Я в тот день нарядилась как дура, то есть не нарядилась вовсе и даже не сделала прически. Сидела как серенькая мышка, едва не прибитая мышеловкой, и помалкивала, мечтая только об одном – чтобы все это скорее кончилось и мне позволили уйти из ужасного ресторана, где официанты, будучи, вероятно, гораздо более состоятельными людьми, чем мы с мамой, высокомерно подходили ко мне и предельно фальшиво, но изо всех сил выражая любезность, коротко интересовались, почему я ничего не ем из того, что мне приносят, предлагали заменить блюдо, если что-то не так, потом подогреть, потом предлагали какой-то особенный десерт… Я в основном стараюсь ко всем относиться хорошо, но здесь почему-то я рассердилась. Так они были некстати со своими вопросами, с таким деланным огорчением, что я стала ненавистницей всех болтливых официантов. Я вообще старалась на них не смотреть, а полные язвительной учтивости вопросы пыталась игнорировать, если такая возможность представлялась, или отвечать на них вежливо, спокойным тоном, но строго и односложно.

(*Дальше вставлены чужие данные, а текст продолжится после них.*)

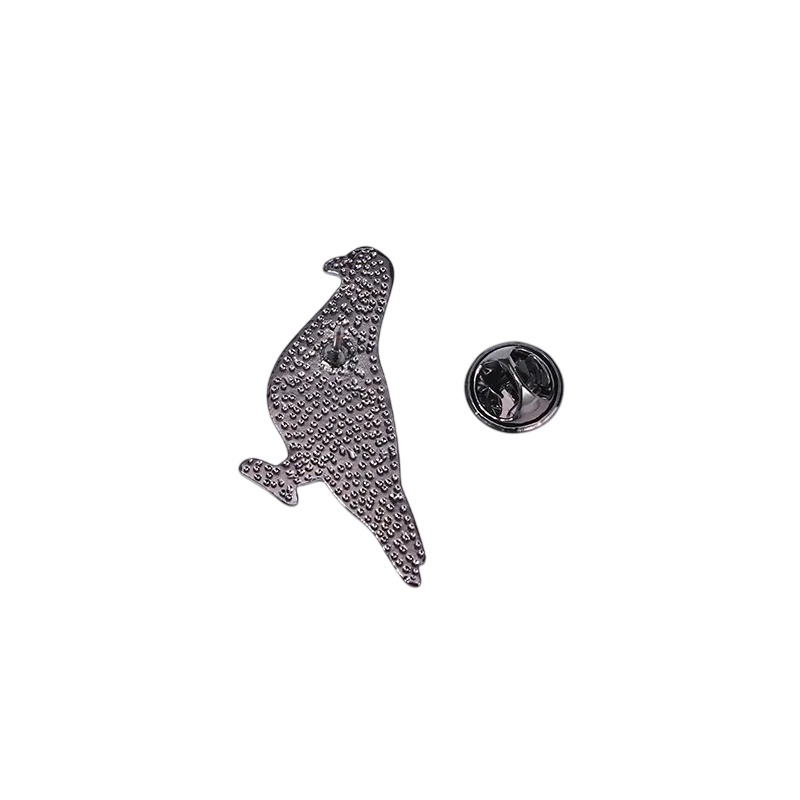 Badge en métal avec un motif de pigeon dans un style dessiné. Idéal comme accessoire discret sur un sac à dos, une veste ou un revers. Description complète
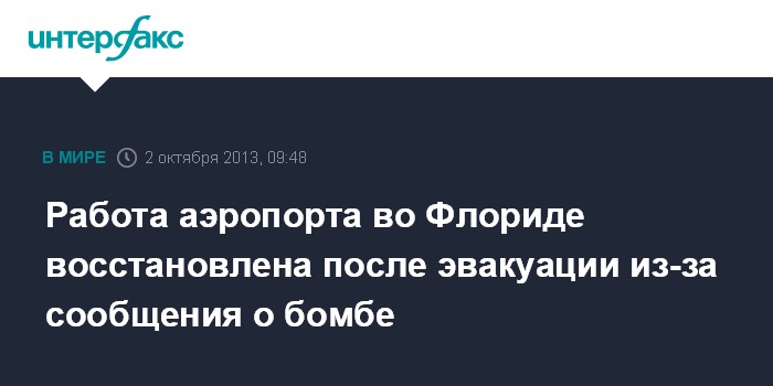 Работа аэропорта во Флориде восстановлена после эвакуации из-за сообщения о бомбе

Возможно, я так и просидела бы весь вечер, но зашел разговор о Флобере, а именно о его «Госпоже Бовари», разговор завела мой педагог, а господин Бенаму сказал, что он не в восторге от этого романа и вообще не очень помнит, к своему стыду, о чем он. Нелли Жоресовна перевела свой лукаво-вопросительный взгляд на меня и кивнула мне так поощрительно… Я не смогла сдержаться. Одно время это был мой любимый роман, я ложилась в постель и просыпалась с этой книжкой, когда мне было всего шестнадцать, читала его, конечно, в оригинале. Там столько всего тончайшего, чего и передать-то невозможно современным языком… Про любовь, изломанную такую и несчастную, про надежду, которой долго-долго может жить человек, про душевное страдание, которое сильнее, чем смертельные муки… Я увлеклась и говорила этому Бенаму о своих любимых эпизодах, разъясняла ему, о чем это было сказано, когда он не понимал, и он постепенно увлекся, стал меня слушать, говорил, что теперь обязательно перечитает, а я ему убедительно посоветовала сделать это незамедлительно и храбро заявила, что это счастье – читать пофранцузски такие книги и преступление – лишать их себя. Он потом смеялся и сказал мне, что если смогу полюбить их продукцию так, как я люблю Флобера, то буду звездой коммерции с моей убедительностью, красноречием, темпераментом и восхитительными великосветскими манерами. Я сначала все это приняла за шутку, немного даже обиделась за Флобера, которого этот человек сравнивал с каким-то там товаром. А он, оказывается, не шутил, а пригласил меня приехать к ним во Францию, чтобы я лучше их узнала и полюбила.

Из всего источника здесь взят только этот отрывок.